I spent the next four years cleaning it, replacing metal, and modifying it for an at-the-time novel drivetrain swap: Subaru EJ22T and 5-spd transaxle. I finally drove the 914 for the first time in 2012, and  I continually update it. It now has an STI-based engine that dynoed 302hp at the wheels on pump gas; haven't yet dynoed it on E85. "The Beast" is still in epoxy primer and is "mostly" street legal; most cops either ignore the car or give me the thumbs-up.

During its 13-year build, I also built/engine-swapped a range of BMW E28s, E36s & E46s, shifter karts, VWs and other "gut" cars. I also helped build and race a few oddball Lemons cars (Opel GT, Hyundai Elantra, BMW E24). The Beast does reasonably well on the autocross courses here on the CA Central Coast, but it really cannot compete with the more modern ABS-equipped and huge-tired cars on faster courses. But it always makes me smile -- so much so that I recently picked up a mostly-stock 1975 Porsche 914 for around town cruising (and so my wife will go for rides up the coast with me!).

At this point in my life, I can afford to walk into a dealership and buy something new-flashy-n-fast, but I still believe cool cars are built not bought...

Tom1200
Tom1200 SuperDork
4/22/21 1:34 p.m.
Keith Tanner said:

I disagree that a fast car is about the ego.
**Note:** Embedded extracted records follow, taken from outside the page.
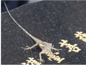
斯文豪氏攀蜥 俗稱肚定（台語），台灣特有種，台灣攀蜥中體型最大的種類。特色是領域行為明顯，藉由持續做出伏地挺身動作，將喉部擴張來宣示領域。聖山全山常見。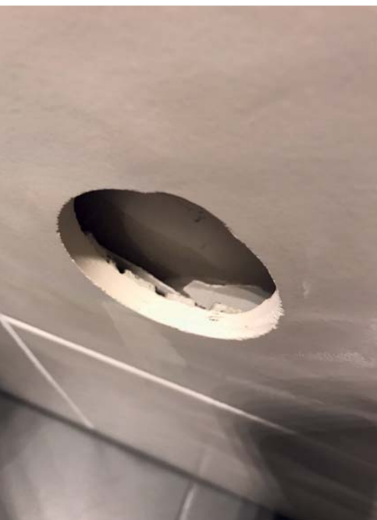
Hohlstellung des Fliesenbelags infolge Schwindung der Betonwand.

Die Baustoffe werden laufend weiter spezialisiert. Das verbessert die Performance und vermindert gleichzeitig den Einsatz schädlicher oder «verdächtiger» Hilfsstoffe. Weil sie immer wieder Diskussionen um die Eignung von Gips in Bädern und Küchen führen müssen, bieten einzelne Hersteller Gipsputze mit reduzierter Wasseraufnahme oder höherem Widerstand gegen Feuchtigkeit an. Leider bringt das immer noch zusätzlichen Aufwand für die Verarbeiter (und zusätzlich auch Kosten für den Bauherren) durch das Heranschaffen einer zweiten Putzsorte.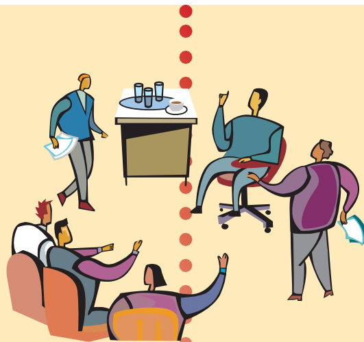
SPAZIO APERTO DI DISCUSSIONE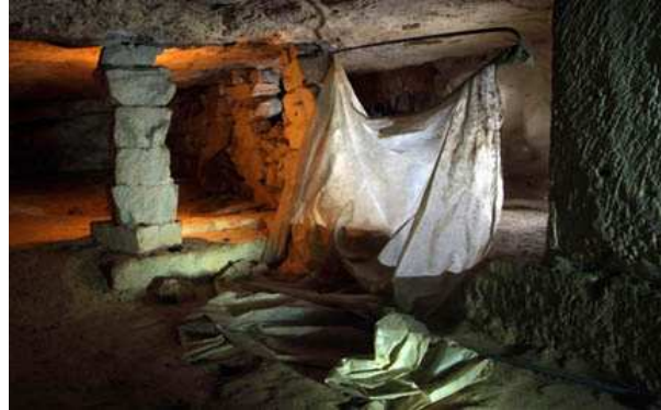
Reste de cloison plastique, à Herblay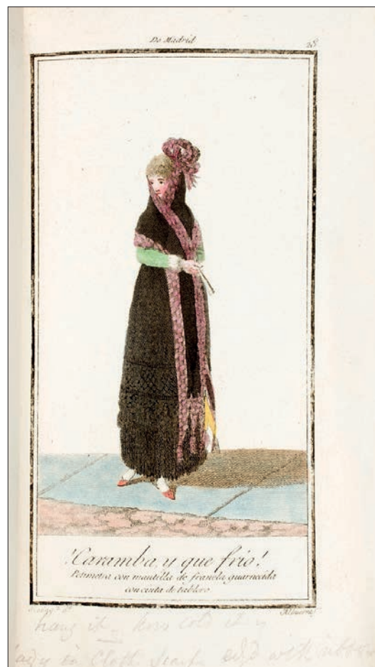
FIGURA 3. PETIMETRA CON MANTILLA DE FRANELA GUARNECIDA CON CINTA DE TABLERO, DE MADRID, 1801, AGUAFUERTE Y BURIL SOBRE PAPEL VERJURADO. MUSEO NACIONAL DEL PRADO.

Así, el figurín llamado Petimetra , La princesa de Luzán (figura 2), 58 es una copia de la estampa titulada Petimetra con mantilla de franela guarnecida con cinta de tablero, de Madrid (figura 3). La única diferencia es que el figurinista llevó a cabo una simplificación de los elementos que componían el vestido de la petimetra y de la propia escena. Lo mismo sucede con el figurín Caballero de baile , 59 que reproduce la estampa A palacio, Petimetre de serio; Goya de calle (figura 4) es copia a su vez de Petimetre con capa (figura 5); Menestral o manolo 60 es copia de Es lunes, no trabajo. Menestral, o El torero (figura 6) 61 reproduce No me alborote Vmd. la sangre, Majo de Sevilla (figura 7).

That punch in the back coming off a corner is fun even if you're just tooling around by yourself, which I usually am. And they are more difficult to extract full performance out of, as you have all the challenges of a slow car plus the extra challenges of a fast car. 

But the last time I went to the track, I left the 500 hp Miata in the garage and took the 91 hp Honda on 300TW tires because I knew it would be entertaining :) And it was, but I'll take something else next time.

I've never tried, but I'm pretty sure it's possible to have sex to make a baby AND have fun.

OK time for my contracts guy pedant hat; I said a faster car for the sake of a faster car and being the fastest guy at an event.....that's ego. That's not the same has enjoying the challenge of a higher horsepower car for the sense of accomplishment.

Additional I said  "strictly" to make a baby, this infers a purely mechanical act i.e. no fun all around.

For speed also doesn't necessarily mean high horsepower; at the vintage races a couple of weeks ago a 67 bi block vette driver told my friend the car was simply a really cool noise maker and that the car wasn't particularly fast (lap time wise). 

So since I mentioned on ego; I actually like driving a slow car fast for the sense of accomplishment and the joy of taking a car to the absolute limit BUT I must also admit there is an element of ego there...........however small that element may be.